## Required work
From the records below, set down exactly the lines starting with the line that contains "Olive Jamawar Silk" and going on through the line that contains "Roll Cartão 1600x1000x2000mm 3 lados é". Nothing else is wanted.

## Available data
☆ ☆ ☆ ☆
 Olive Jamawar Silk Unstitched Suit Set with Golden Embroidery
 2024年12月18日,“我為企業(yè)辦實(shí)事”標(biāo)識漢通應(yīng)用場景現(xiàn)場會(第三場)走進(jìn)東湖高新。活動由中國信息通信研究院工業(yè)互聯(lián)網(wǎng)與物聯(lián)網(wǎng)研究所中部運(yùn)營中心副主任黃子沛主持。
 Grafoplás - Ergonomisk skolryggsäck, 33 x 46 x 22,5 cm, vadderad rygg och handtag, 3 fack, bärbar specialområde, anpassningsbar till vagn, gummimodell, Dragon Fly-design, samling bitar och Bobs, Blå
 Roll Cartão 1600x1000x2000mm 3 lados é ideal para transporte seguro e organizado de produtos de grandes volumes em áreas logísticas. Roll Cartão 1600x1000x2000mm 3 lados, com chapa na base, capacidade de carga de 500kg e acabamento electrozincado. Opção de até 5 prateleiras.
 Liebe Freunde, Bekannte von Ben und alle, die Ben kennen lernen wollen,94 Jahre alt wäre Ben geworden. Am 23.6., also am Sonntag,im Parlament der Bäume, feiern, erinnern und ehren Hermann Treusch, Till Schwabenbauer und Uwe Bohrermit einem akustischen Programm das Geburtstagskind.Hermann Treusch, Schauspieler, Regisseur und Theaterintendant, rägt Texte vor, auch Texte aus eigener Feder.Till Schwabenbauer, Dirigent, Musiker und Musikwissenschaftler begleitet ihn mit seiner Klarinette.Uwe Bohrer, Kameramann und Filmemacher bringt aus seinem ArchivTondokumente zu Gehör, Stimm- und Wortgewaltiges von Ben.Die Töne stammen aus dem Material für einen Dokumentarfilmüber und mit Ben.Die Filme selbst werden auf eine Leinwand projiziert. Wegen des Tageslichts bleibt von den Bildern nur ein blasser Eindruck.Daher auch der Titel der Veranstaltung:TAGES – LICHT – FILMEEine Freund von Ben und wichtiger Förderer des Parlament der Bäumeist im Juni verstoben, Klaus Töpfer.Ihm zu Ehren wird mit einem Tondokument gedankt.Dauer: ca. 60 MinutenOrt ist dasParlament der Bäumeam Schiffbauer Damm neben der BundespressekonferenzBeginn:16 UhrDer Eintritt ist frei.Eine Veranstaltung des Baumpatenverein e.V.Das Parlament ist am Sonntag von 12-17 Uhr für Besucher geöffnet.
☆ ☆ ☆ ☆
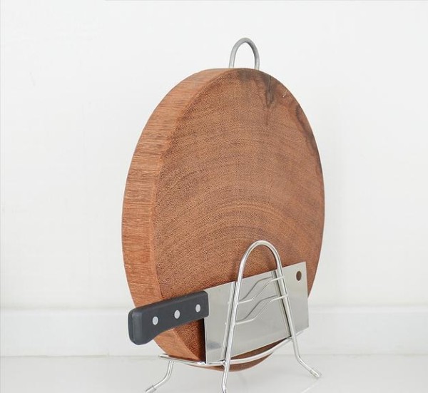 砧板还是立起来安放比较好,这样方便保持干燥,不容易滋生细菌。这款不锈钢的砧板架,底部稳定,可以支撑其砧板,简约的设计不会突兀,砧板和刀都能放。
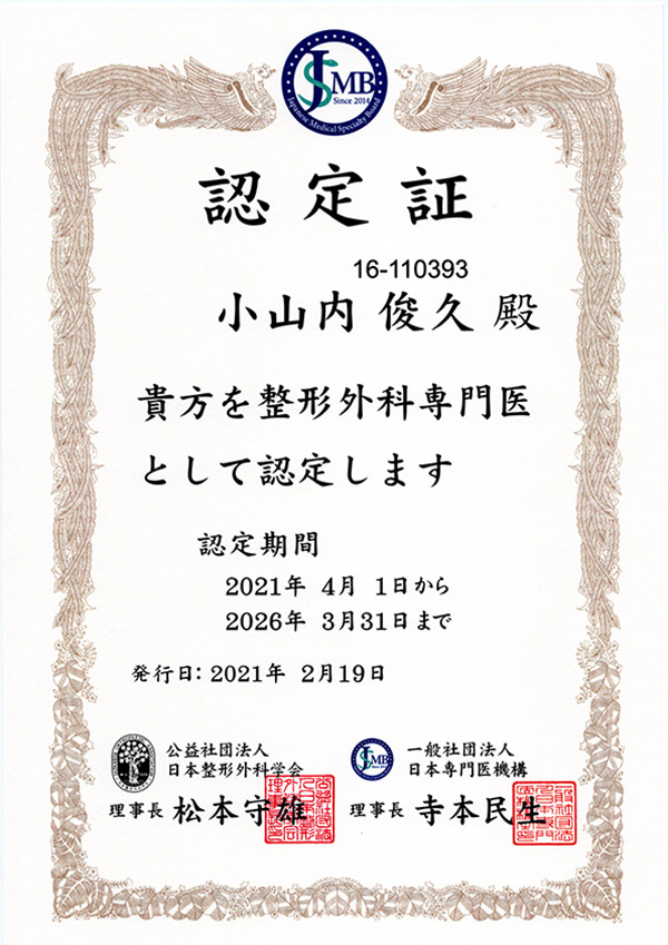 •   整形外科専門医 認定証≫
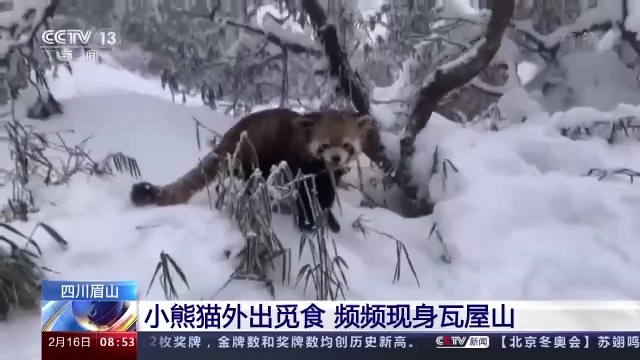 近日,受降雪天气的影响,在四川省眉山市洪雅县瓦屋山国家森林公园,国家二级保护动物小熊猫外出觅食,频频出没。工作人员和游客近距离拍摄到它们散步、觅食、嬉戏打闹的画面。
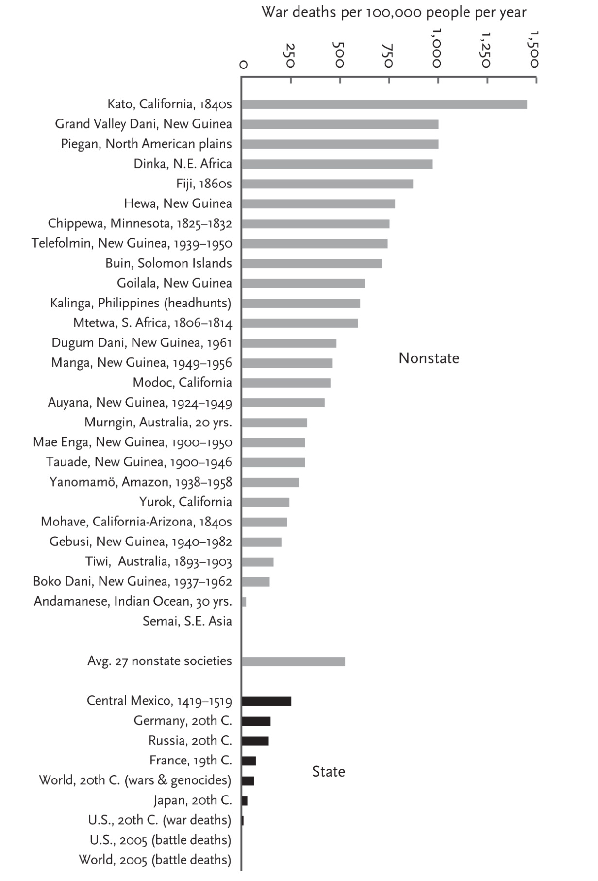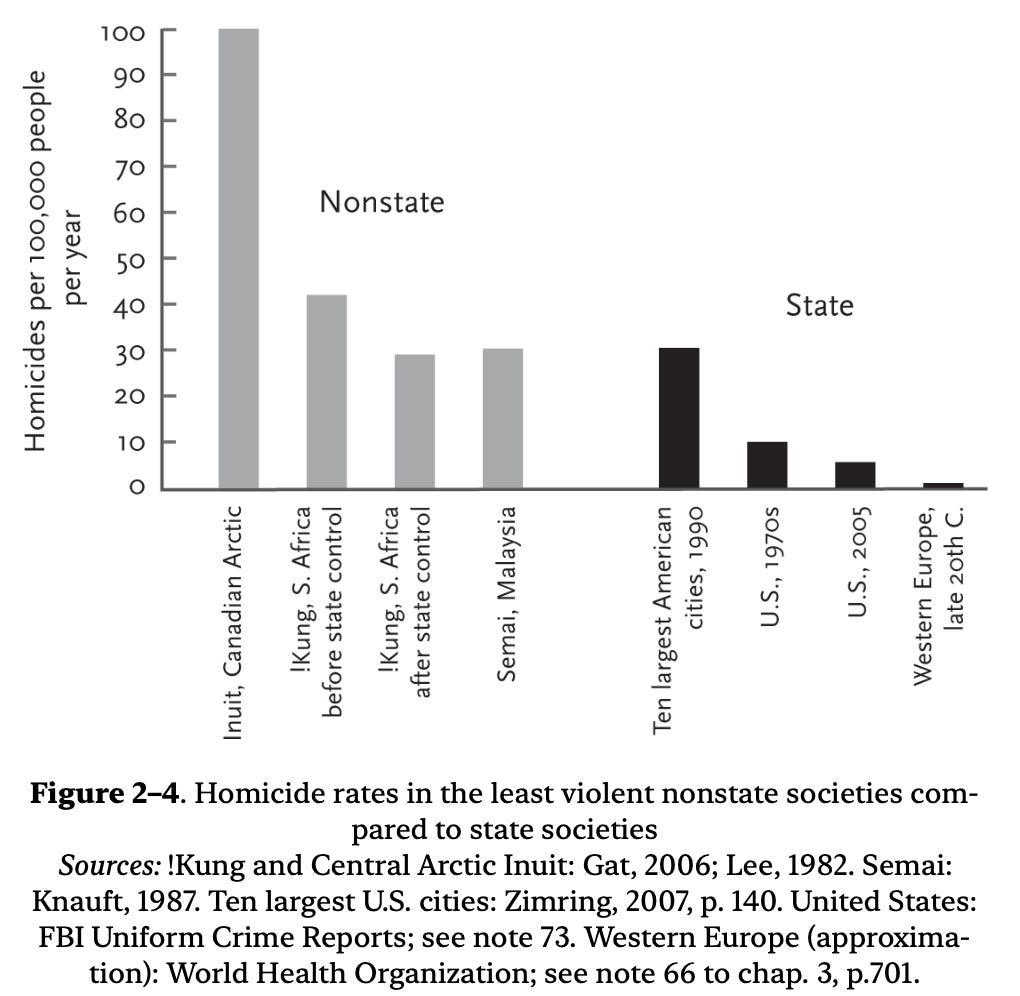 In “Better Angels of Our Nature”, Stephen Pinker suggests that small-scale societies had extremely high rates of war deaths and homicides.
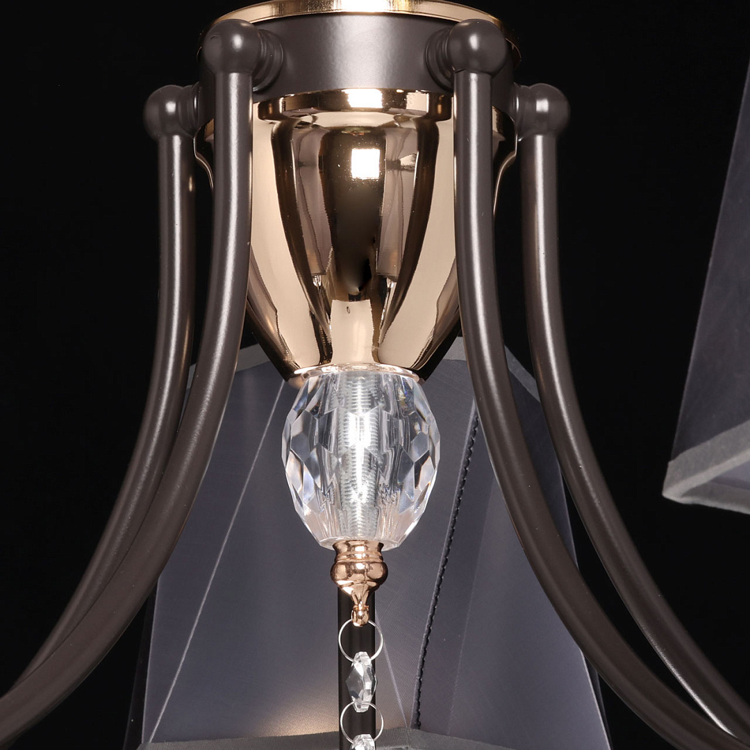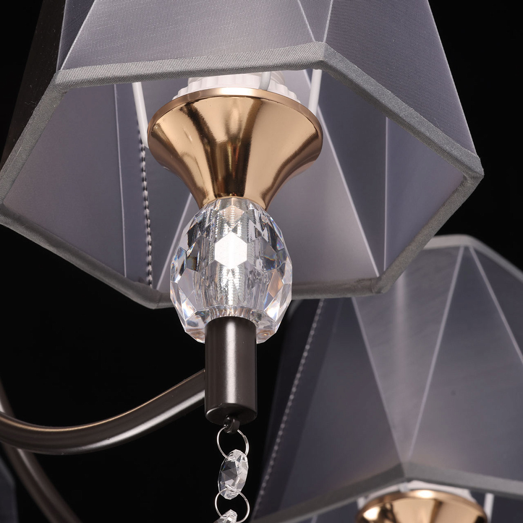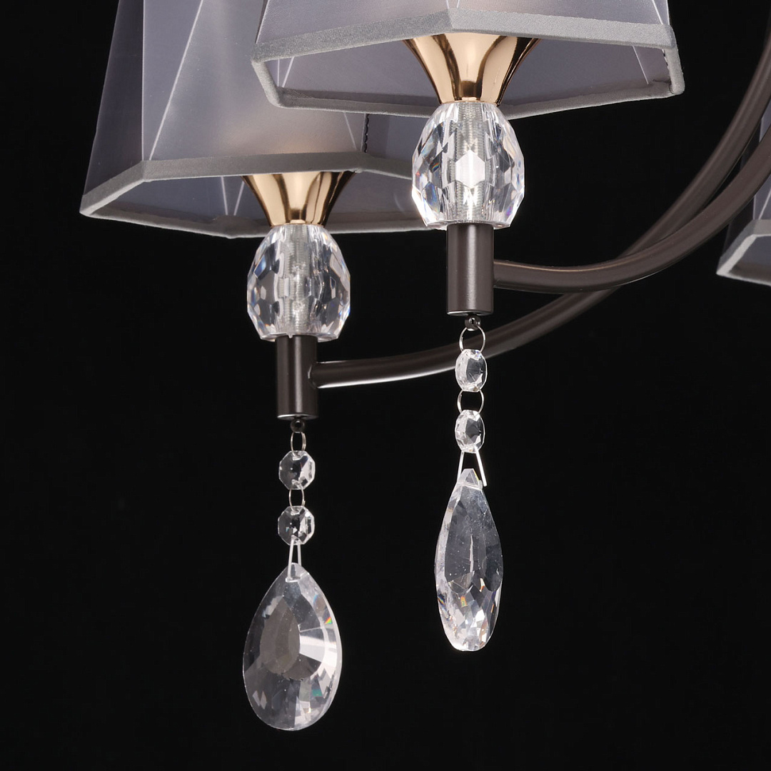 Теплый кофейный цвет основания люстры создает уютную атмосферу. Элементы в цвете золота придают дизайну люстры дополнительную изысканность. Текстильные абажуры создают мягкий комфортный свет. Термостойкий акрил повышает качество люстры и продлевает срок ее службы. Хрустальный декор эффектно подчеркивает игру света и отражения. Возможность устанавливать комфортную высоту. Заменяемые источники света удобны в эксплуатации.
☆ ☆ ☆ ☆
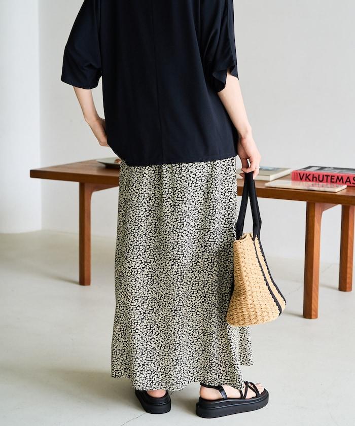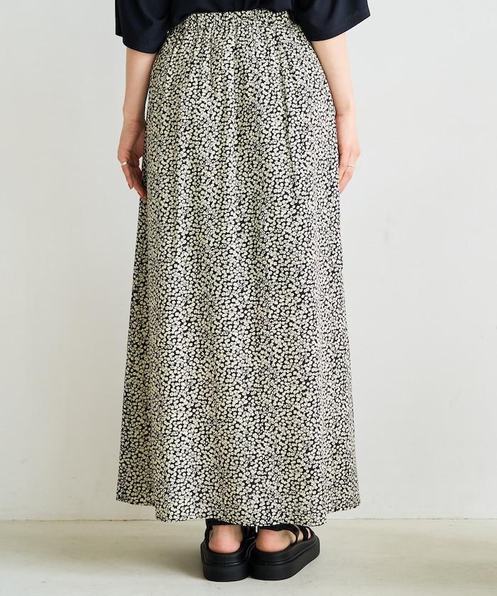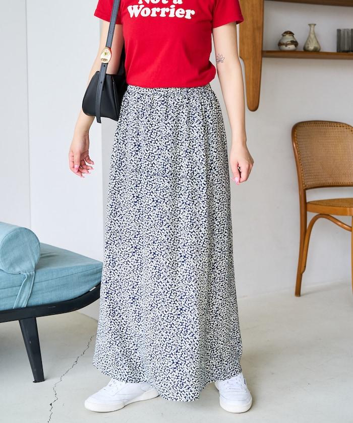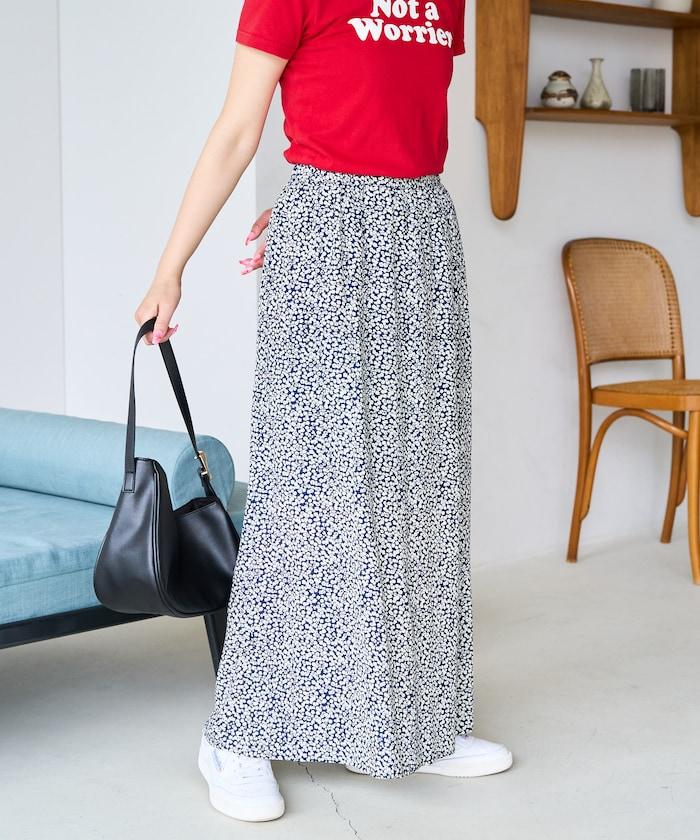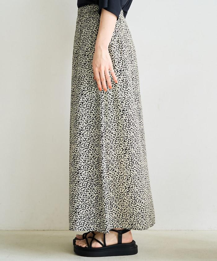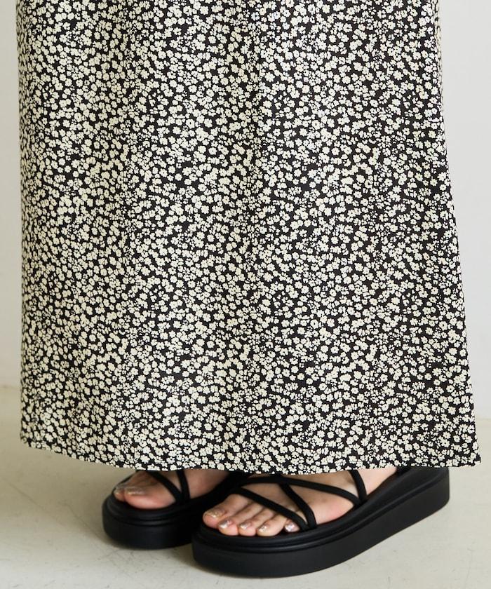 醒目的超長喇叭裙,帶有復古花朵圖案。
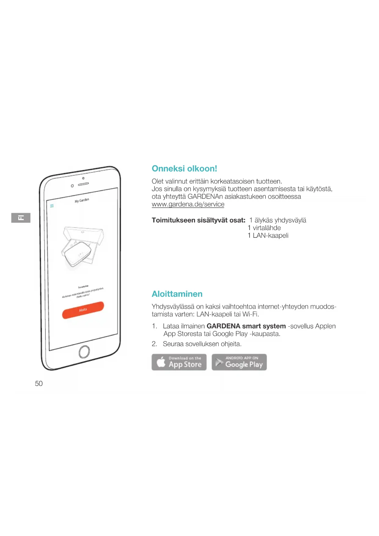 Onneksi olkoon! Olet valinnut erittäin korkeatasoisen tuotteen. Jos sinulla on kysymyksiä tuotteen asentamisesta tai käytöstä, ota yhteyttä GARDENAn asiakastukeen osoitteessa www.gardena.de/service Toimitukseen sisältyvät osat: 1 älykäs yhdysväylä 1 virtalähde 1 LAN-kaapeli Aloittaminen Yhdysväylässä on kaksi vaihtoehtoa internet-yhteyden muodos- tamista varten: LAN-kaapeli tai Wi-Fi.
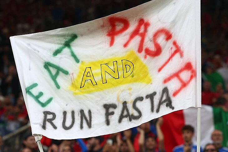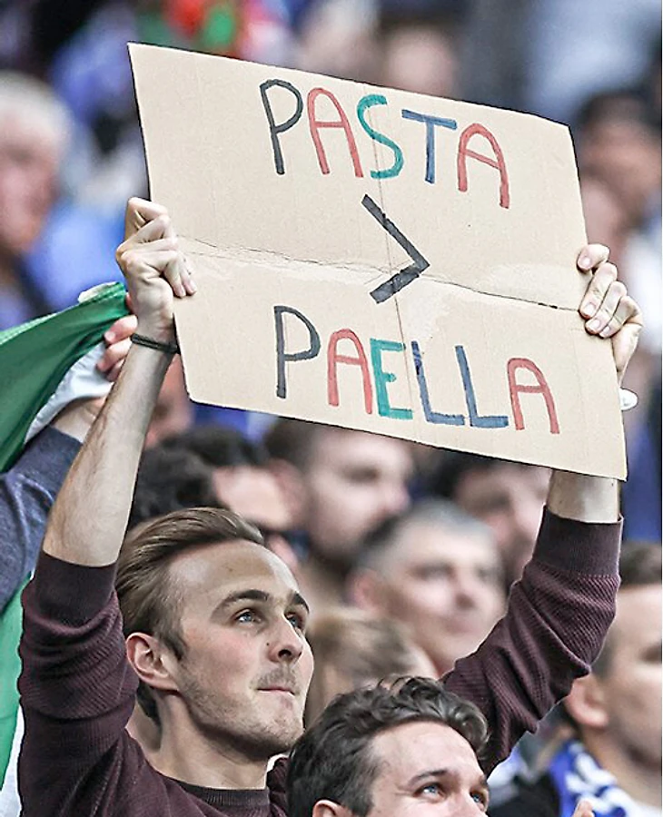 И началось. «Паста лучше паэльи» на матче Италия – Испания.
☆ ☆ ☆ ☆
## Task output
 Olive Jamawar Silk Unstitched Suit Set with Golden Embroidery
 2024年12月18日,“我為企業(yè)辦實(shí)事”標(biāo)識漢通應(yīng)用場景現(xiàn)場會(第三場)走進(jìn)東湖高新。活動由中國信息通信研究院工業(yè)互聯(lián)網(wǎng)與物聯(lián)網(wǎng)研究所中部運(yùn)營中心副主任黃子沛主持。
 Grafoplás - Ergonomisk skolryggsäck, 33 x 46 x 22,5 cm, vadderad rygg och handtag, 3 fack, bärbar specialområde, anpassningsbar till vagn, gummimodell, Dragon Fly-design, samling bitar och Bobs, Blå
 Roll Cartão 1600x1000x2000mm 3 lados é ideal para transporte seguro e organizado de produtos de grandes volumes em áreas logísticas. Roll Cartão 1600x1000x2000mm 3 lados, com chapa na base, capacidade de carga de 500kg e acabamento electrozincado. Opção de até 5 prateleiras.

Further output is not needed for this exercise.